--- The task ---
The reply must repeat the listing below exactly and carry none of its pictures.

--- Dataset section ---
··········

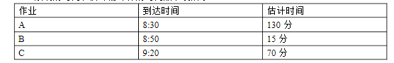 在某计算中心的一个单道程序设计系统中,有A、B、C三个作业在等待处理,它们到达系统的时间和估计需计算的时间如下表所示:
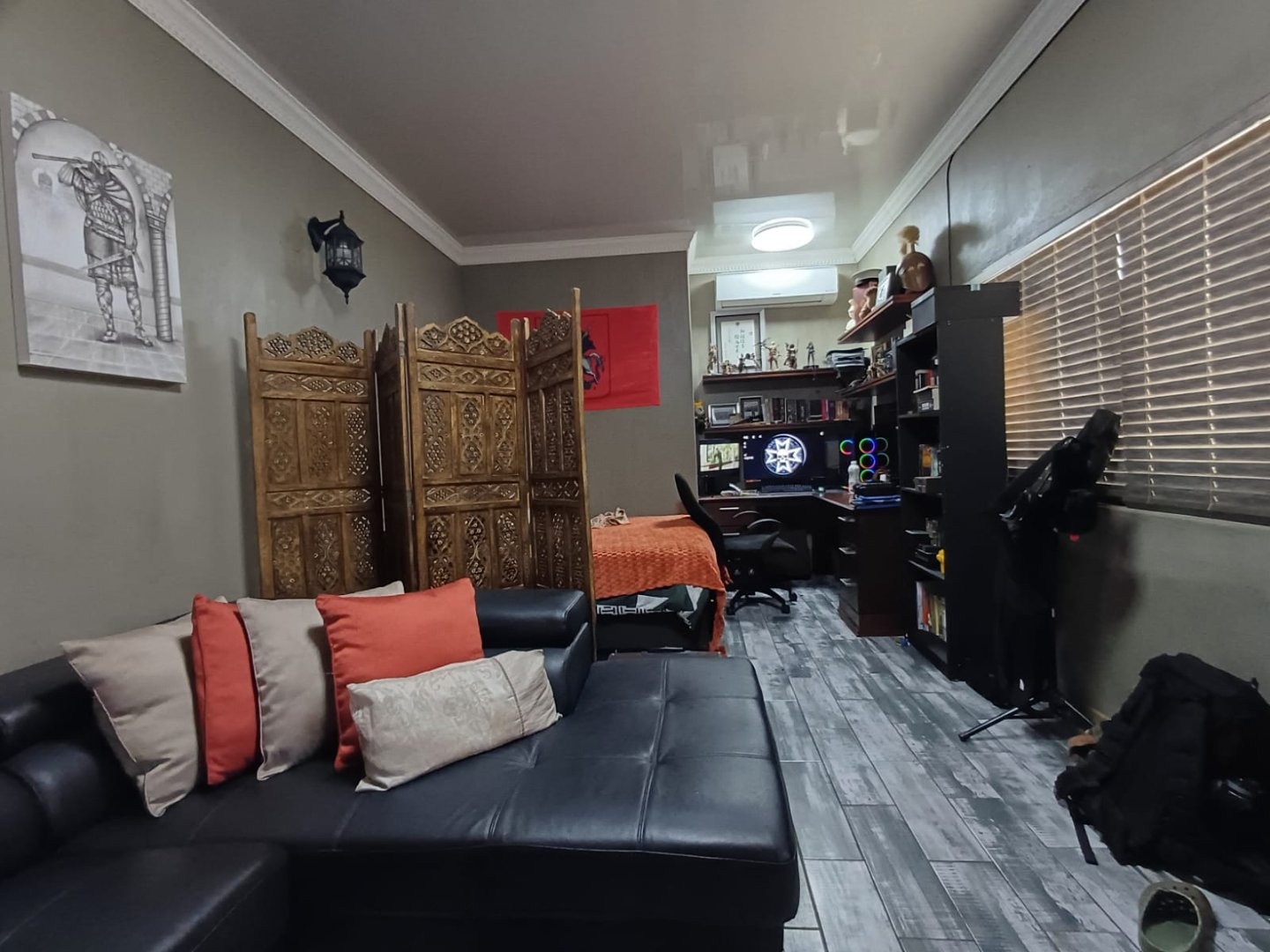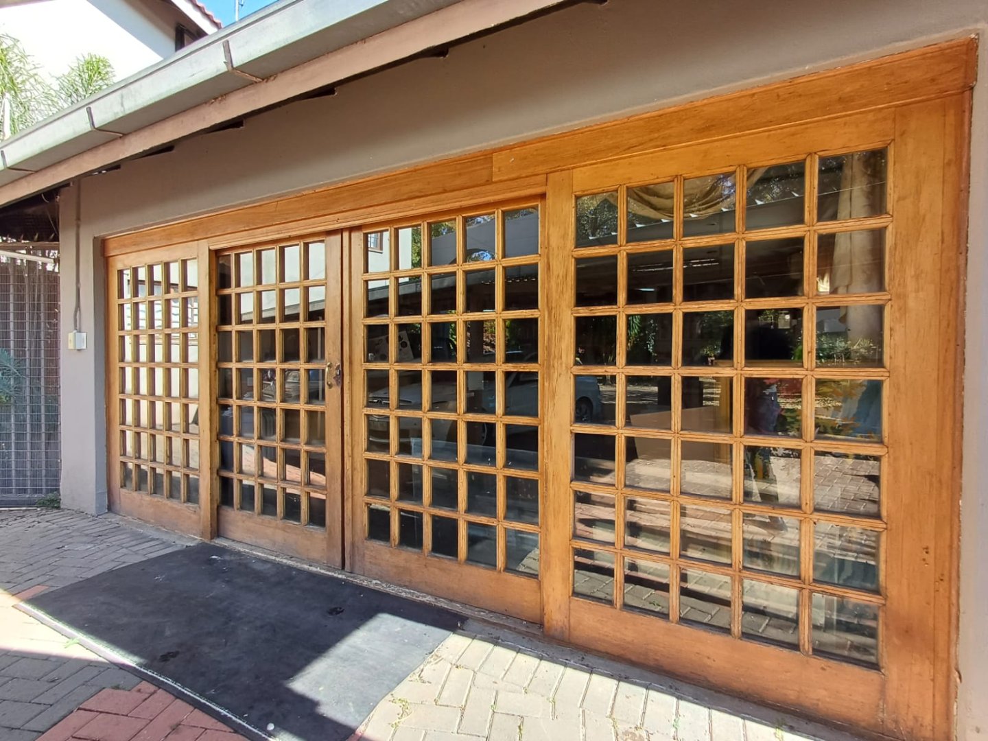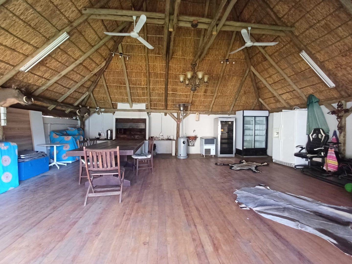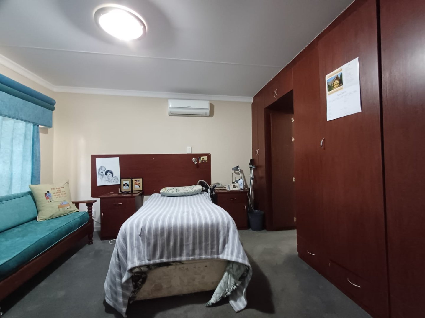 Entertainment is effortless with a thatched lapa featuring a built-in braai and pizza oven, all overlooking a sparkling swimming pool complete with electric heating, fencing, a safety net, and automated cleaning equipment. A separate bachelor flat with air conditioning and a full bathroom offers comfortable private accommodation for guests or a live-in family member.
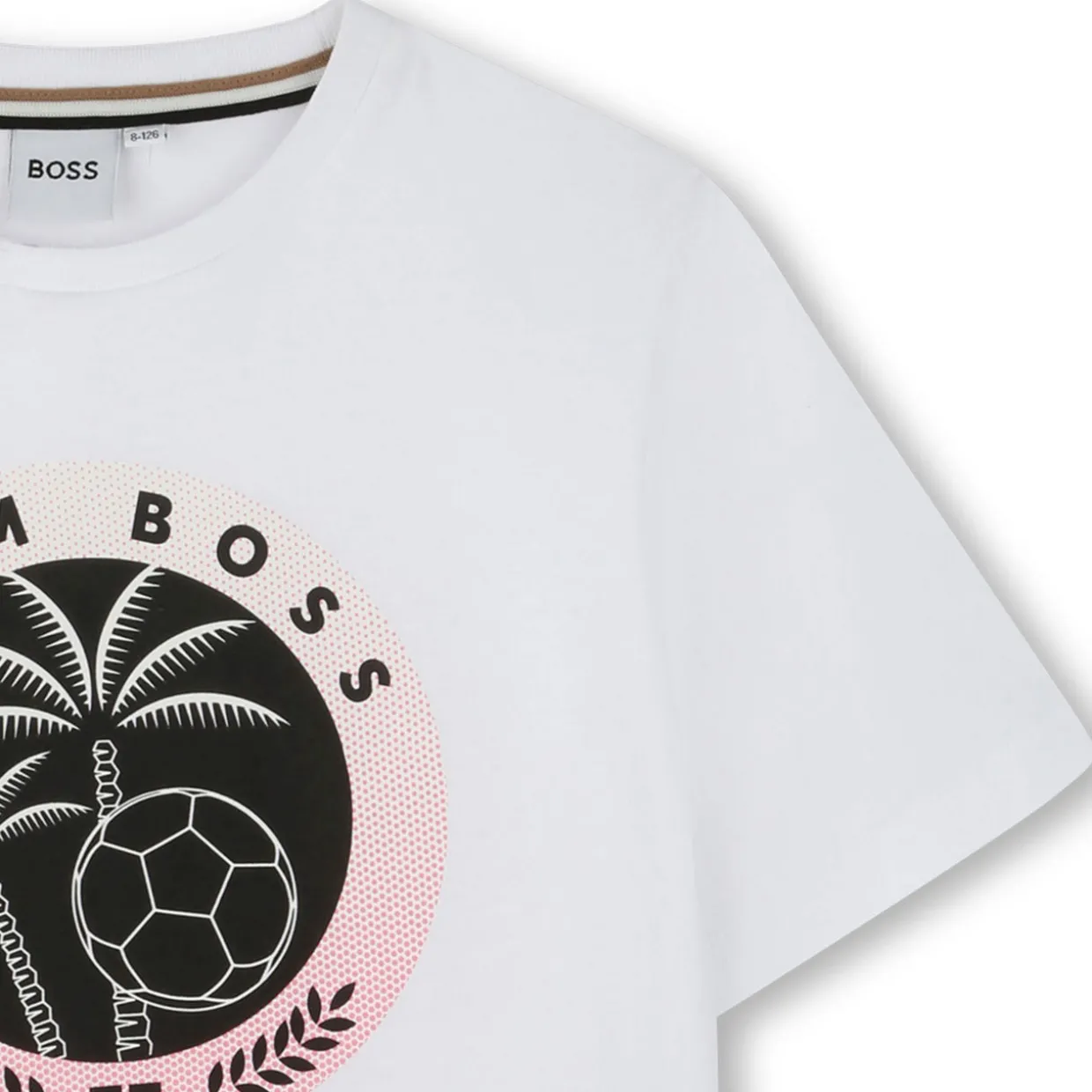 - Crew neck, short sleeves, logo graphic print on the front, woven logo label at side, regular fit
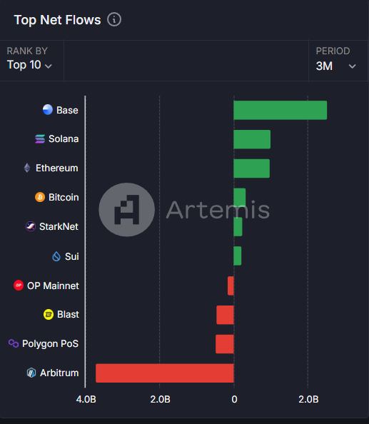 Cependant, ce n'est pas le cas de toutes les blockchains. En effet, le layer 2 Arbitrum, pourtant considéré comme un réseau de seconde couche majeur sur la blockchain Ethereum, accuse des sorties nettes de capitaux colossales. Ces dernières sont estimées à environ 3,7 milliards de dollars au cours des 3 derniers mois selon les données de la plateforme d'analyse on-chain Artemis Terminal :

··········

--- Solution to this problem ---
 在某计算中心的一个单道程序设计系统中,有A、B、C三个作业在等待处理,它们到达系统的时间和估计需计算的时间如下表所示:
 Entertainment is effortless with a thatched lapa featuring a built-in braai and pizza oven, all overlooking a sparkling swimming pool complete with electric heating, fencing, a safety net, and automated cleaning equipment. A separate bachelor flat with air conditioning and a full bathroom offers comfortable private accommodation for guests or a live-in family member.
 - Crew neck, short sleeves, logo graphic print on the front, woven logo label at side, regular fit
 Cependant, ce n'est pas le cas de toutes les blockchains. En effet, le layer 2 Arbitrum, pourtant considéré comme un réseau de seconde couche majeur sur la blockchain Ethereum, accuse des sorties nettes de capitaux colossales. Ces dernières sont estimées à environ 3,7 milliards de dollars au cours des 3 derniers mois selon les données de la plateforme d'analyse on-chain Artemis Terminal :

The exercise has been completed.